At some point in our lives we were all seeing these things for the very first time. Remember? Think back to that dopey kid who used to wear your clothes.

But the Wallie who is a homeowner came bashing back:

“These questions still stand: Did you ask the customer if they want their system converted to steam? It’s their house. I really don’t see how you think you have the right to make dramatic decisions about someone else’s house like this. It’s dishonest at the minimum. Does the homeowner even know how badly you messed up? As a homeowner, this whole situation has my blood boiling. I am knowledgeable and know better, but this homeowner I'm guessing does not. You are trying to pull the wool over their eyes and get away with something instead of being honest about it. You made a mistake so fess up to it and make it right. And making it right could mean a whole new, properly sized and installed hot-water boiler. This is a hot-water system. You should not be attempting a conversion unless you have explicit written permission from the homeowner. And as I said above, this is dishonest at a minimum. We all make mistakes; it's what we do afterwards that makes all the difference.”

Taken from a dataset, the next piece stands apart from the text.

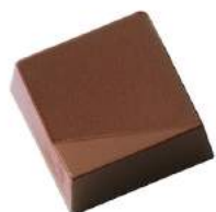
Ganache au vin Gigondas noir

That last statement made me smile. It’s true, but what’s also true is that the original poster said he was an idiot. Mea culpa. He knew he screwed up. He was looking for help. He approached that job the way he usually does, in a hurry. It’s just what he does. That was his biggest mistake. And he knows that. He knows. He’s reaching out for help now.

And I know that he should have gone to the homeowner, but that’s not what he went to The Wall for. He went for heating help, and he got what he needed from the generous contractors who hang out there. I just wish the homeowner could have been more like that big guy who sat at the head of that dinner table all those years ago. That man showed grace. And it all worked out in the end.

Be gentle with people. We all make mistakes. Help if you can. It’s what we should do.